While reversible uptake was the primary mechanism at low acid concentrations, irreversible reaction between methanol and sulfuric acid at low
temperatures, forming methyl hydrogen sulfate and dimethylsulfate, was observed at all concentrations. Above 65 wt % H2S04, more than 90 % of uptake
was found to be reactive."
My summary reaction:
CH3OH (g) + H2SO4 (l) --(-40 C)--> CH3HSO4 (l) + H2O (s)
CH3HSO4 (l) + CH3OH (l) --> (CH3)2SO4 (l) + H2O (s) (See Eq 8 )
----------------------------------------------------------------------------
Here is also an experimental photolysis path (to be tested/verified) for those restrained to more ambient temperature ranges. It employs methanol
under UV photolysis resulting in the formation of the methyl radical and the hydroxyl radical. As such, I would recommend trying to obtain methyl
sulphate from the action of concentrated persulphuric acid acting on methanol, in the further presence of UV light. Expected reactions:
CH3OH + hv --> •CH3 + •OH (and other products, see http://chemistry.emory.edu/faculty/widicusweaver/photolysis.... )
H2S2O8 = H+ + HS2O8-
HS2O8- = H+ + S2O8(2-)
S2O8(2-) + hv --> •SO4- + •SO4- (see, for example, https://www.sciencedirect.com/science/article/pii/S004565350... )

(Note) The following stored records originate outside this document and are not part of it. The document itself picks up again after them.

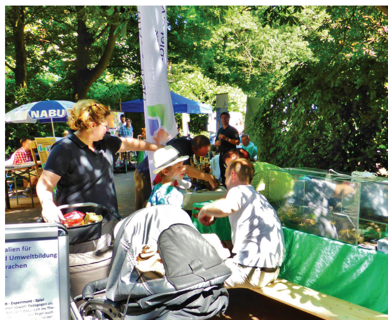
Abbildung 146: Schönstes Wetter lockte die Besucher des Artenschutztages in den Duisburger Zoo. Nicht nur die Kinder waren von den Blindschleichen fasziniert

Der traditionelle Artenschutztag im Zoo Duisburg wurde auch 2013 wieder von der BSWR mitgestaltet. An ihrem Stand wurden interessierte Besucher insbesondere über Biologie, Schutz und Vorkommen von Blindschleichen und Schlangen informiert (Abbildung 146).
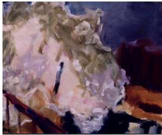
Norbert Quies „Vier Jahreszeiten“ alluttirps Danckelmannstr. 20
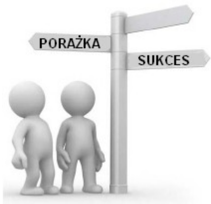
Rys. 1: Wybór należy do Ciebie.

A więc w tym kursie liczy się to, jak szybko wprowadzasz wiedzę w życie i wykonujesz ćwiczenia.
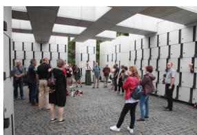
Spacer po Cmentarzu Wojskowym na Powązkach w Warszawie – 23 lipca 2019.
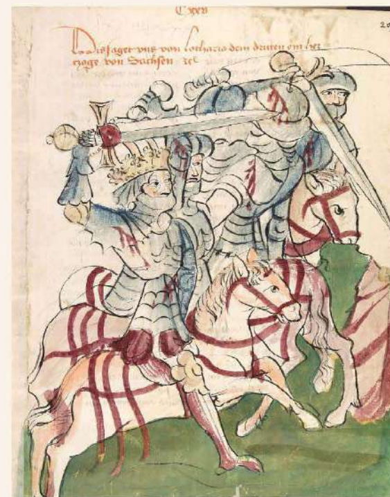
Lothar III. v bitvě u Chlumce,

Na paměť slavného vítězství nechal Soběslav vybudovat na Řípu rotundu Sv. Jiří.
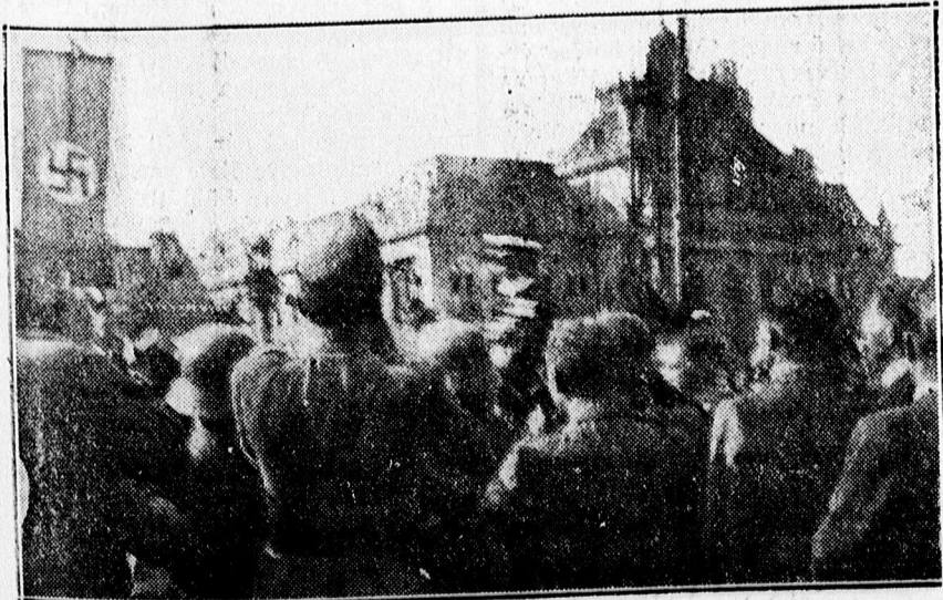
A kormányzó Nagyváradon: lónáton a díszemelvény elé érkezik.

Várad örömeiben tobzódozó város. Minden üzlet, bolt, kereskedés, vállalat, iroda, dohánytözsde, sokhelyütt
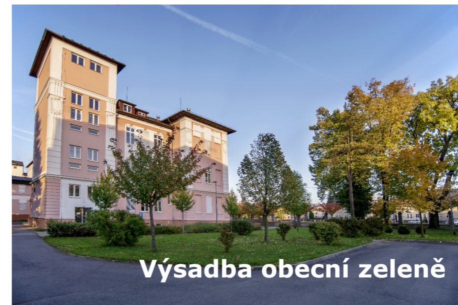
Výsadba obecní zeleně
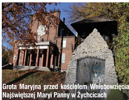
Grota Maryjna przed kościołem Wniebowzięcia Najświętszej Maryi Panny w Żychcicach
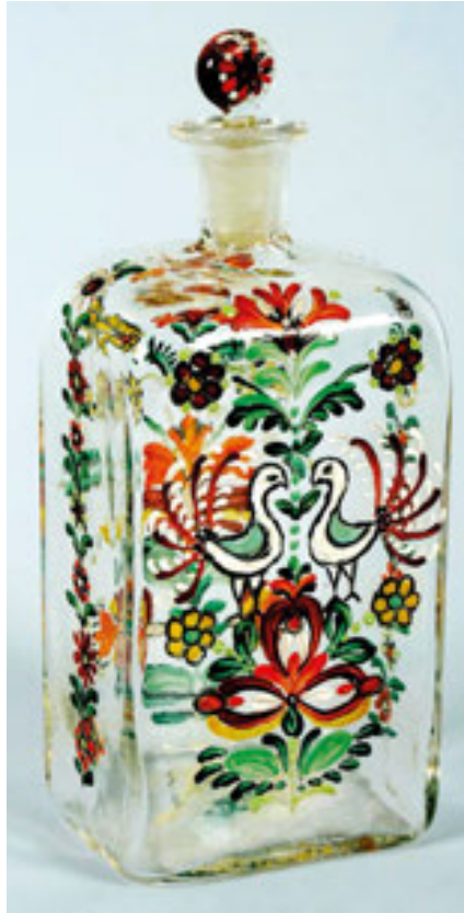
Sklo Zdenky Braunerové

„Byla jsem v okolí Telče, v malé vesničce jménem Dubenky, a jela jsem tam hlavně kvůli sklárnám, které tam v blízkosti jsou. Dělal jsem seriózní pokusy ve skle a dala si vyfouknout různé formy dle svých nákresů. Ale jak mne to tam bavilo. Bydlila jsem u nadpomyslených hodných lidí – u učitelů, kde stará paní, mladá paní a sestra učitelova, tři to živořící ‚mušle‘, mi činily, co mi na očích viděly... Strávila jsem skorem všechen čas v hutích, kde jsem si oblíbila obzvláště jednoho dělníka, který pochopil, co chci. Jednalo se mi o volně foukané sklo, vše ruční práce totiž, ne lité a ne broušené, a tak myslím, že vyhotovili jsme některé velmi pěkné formy. Zůstala jsem věrná tradici starého českého skla, ale přirozeně jsem sem tam pozměnila tvary, až i docela nové jsem vymyslela. V Dubenkách bydlí malíř skla, kterého znám již z Telče, a tam jsem si hned sklo namalovala. Zdokonalila jsem se ve znalosti techniky, a mohu směle to říci, že se mi některé servisy moc líbí. Přivezla jsem si 16 různých servisů na pivo, víno, whisky, likér atd., vše omalované, vždy různě, a ráda bych s tím vyrukovala někam do veřejnosti. Něco pošlu do Ber-
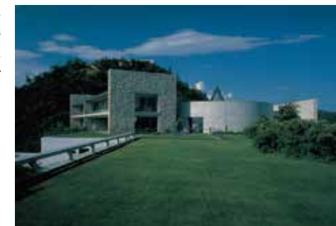
Benesse House
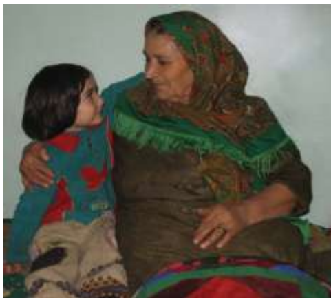
Зарханум Бедирхановади (Гадацгийихуър) вичин хтулдиз баядар кІанарзава
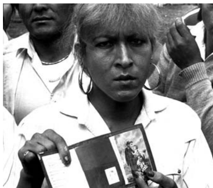
Una travesti muestra su carné de identidad, protestando porque ella sólo puede obtener uno si se registra como hombre.

Las y los travestis de la actualidad han heredado lo peor de ambos roles de género. En los espacios públicos se percibe que son lo suficientemente hombres como para ser golpeados por agentes de la policía, mientras que dentro de las relaciones todo depende. A veces se les percibe como masculinos, cuando trabajan para mantener a sus familias; en otros casos se les ve femeninos cuando enfrentan violencia, en ocasiones proveniente de su mismo círculo familiar. En el mercado laboral, la discriminación implica que el trabajo sexual sea casi la única opción disponible. Sin embargo, ahora las y los travestis se están movilizando para exigir sus derechos y ampliar sus posibilidades.
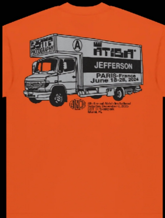
黑灰双色印刷/工业感
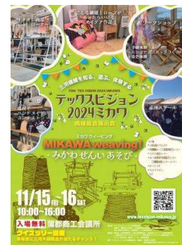
テックスビジョンチラシ
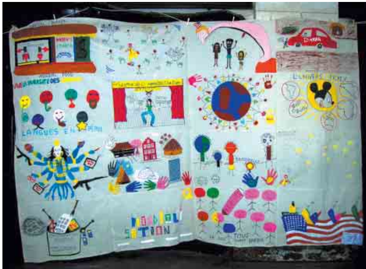
Le patchwork de l'athénée Bara de Tournai
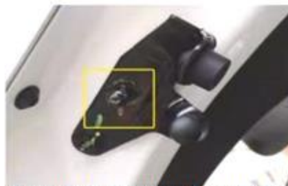
Замените болт с шаровой головкой на правом кронштейне задней двери
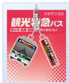
二連キーホルダー(観光特急バス)
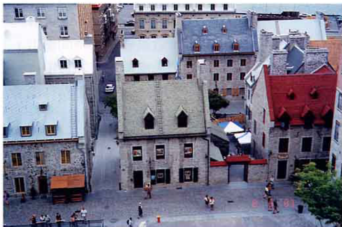
從魁北克「上城」看「下城」，房舍似圖畫

據導遊說，這兩個地方入了深秋，整個地區的景色只剩兩大色系，那就是紅和黃，這是楓樹的傑作；「那種美，是美到你會去相信人間有仙境」，我想她的形容詞不過「火」，因為舉目所見，楓樹在這裡是滿坑滿谷的蔓延，在峽谷中，白玉似的瀑布隨著人行步道，越走進峽谷越是漪旎，同時整個賞景點
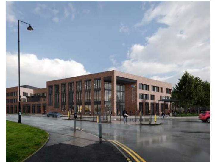
Campws Glanau'r Barri (CCAF)

Bydd ffocws hefyd ar gynaliadwyedd hirdymor. Bydd rhai prosiectau yn cynhyrchu incwm neu'n lleihau costau yn y dyfodol fel bod buddiannau yn parhau y tu hwnt i oes y cynllun.
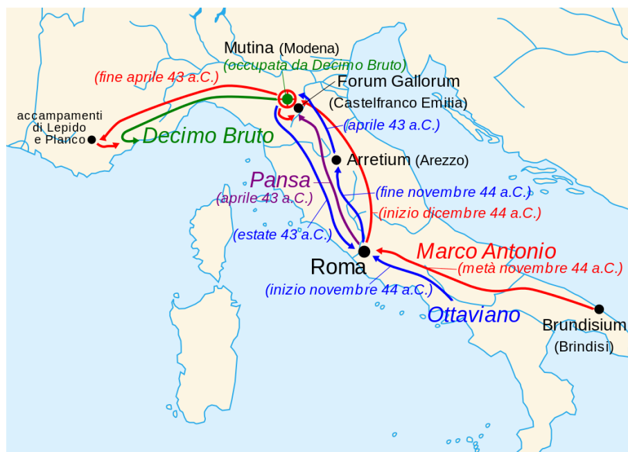
Movimiento de las legiones durante la guerra de Mutina (44-43 a.C.).

había avanzado un centenar de millas en dirección suya para que viniera lo antes posible—, Antonio saco dos legiones, la Segunda y la Trigesimoquinta, y dos cohortes pretorianas, una, la suya y otra, la de [M. Junio] Silano, y además una parte de los veteranos reenganchados” (Cic. Fam. 10, 30, 1) 30 . A señalar que el numeral más alto conocido corresponde a la legio XXXXI (CIL XI 4650 y 4654 = ILS 2230-2231), quizás reclutada en el año 41 a.C. 31
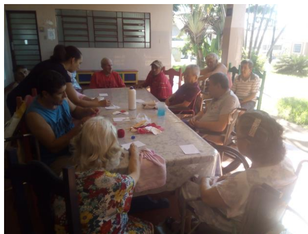
Atividade realizada em 27/04/2018 – O CAVALO BRANCO
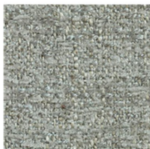
clusone - 19
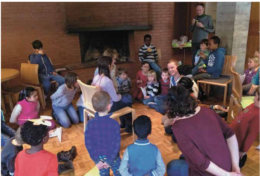
„Chind“ am Cheminée
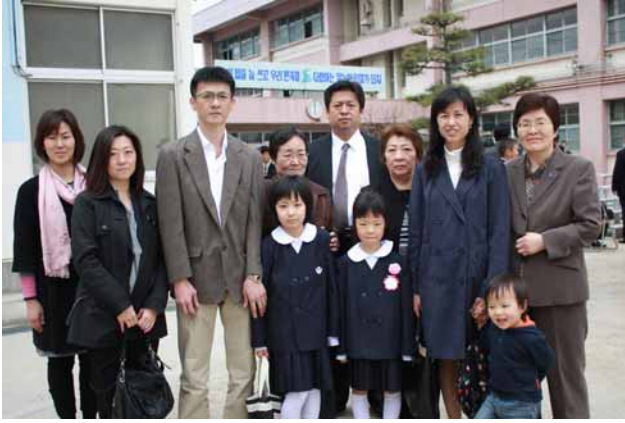
侑那ちゃん、愛那ちゃんを祝う家族 岩手から駆け付けた委員長たちと共に

侑那ちゃんはこれまで大船渡の日本学校に通いながら、朝大生が講師を務めるインターネット教室「ナルゲ」でウリマルに親しんできた。2人は朝鮮学校に通うことについて楽しみにしていたという。式当日には本部委員長、女性同盟委員長らが岩手から駆け付け共に入学をお祝いした。
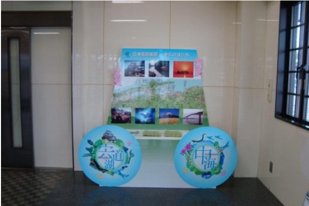
風景街道を紹介するブース（道の駅「湯の川」）
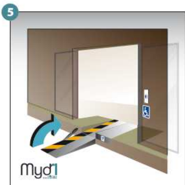
5 - Basculer la poignée qui fera office de chasse roues.
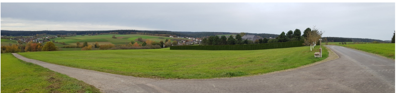
Abb. 4: Übersichtsfoto des Gebiets
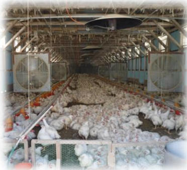
扇風機による送風
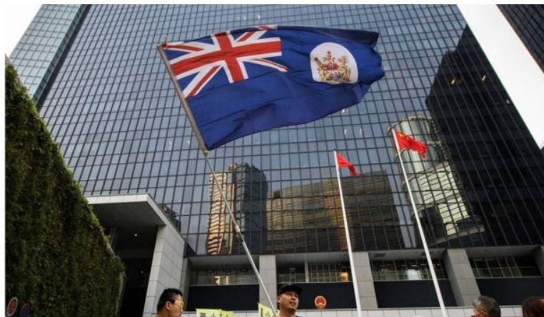
在中国国庆日，有香港示威者高举“港英旗”抗议中国政府削弱香港言论自由

中国驻英国大使馆要求保守党人权委员会“停止干涉中国内政，停止插手香港事务”，而央视发言人说，“任何鼓吹分裂中国的图谋和行为都是逆历史潮流和徒劳的”。

H+ + •SO4- = •HSO4 (pKa < 0)
•CH3 + •HSO4 --> CH3HSO4
CH3HSO4 + CH3OH --> (CH3)2SO4 + H2O
CH3HSO4 + H2O = CH3OH + H2SO4
.....
Hopefully by restricting the presence of water, the last reaction will be limited. Some unwanted reactions, likely detracting from yield, include:
•OH + •HSO4 --> H2O + SO4(2-)
•OH + SO4(2-) = OH- + •SO4-
OH- + H+ = H2O
---------------------------------------
Here is also a photolysis path to methyl iodide. Starting with iodide (from say HI) , the hydroxyl radical forms the monatomic iodine radical as does
the direct action of light on iodide. The methyl and the iodine radical could then theoretically combine creating methyl iodide. Reactions including
some other products:
HI = H+ + I-
CH3OH + hv --> •CH3 + •OH
I- + hv --> •I + e-
H+ + e- = •H
I- + •OH --> •I + OH-
•H + •OH --> H2O + photon
•H + •I --> HI
•CH3 + •I --> CH3I
•CH3 + •H --> CH4
……..
and other products.
[Edited on 15-9-2018 by AJKOER]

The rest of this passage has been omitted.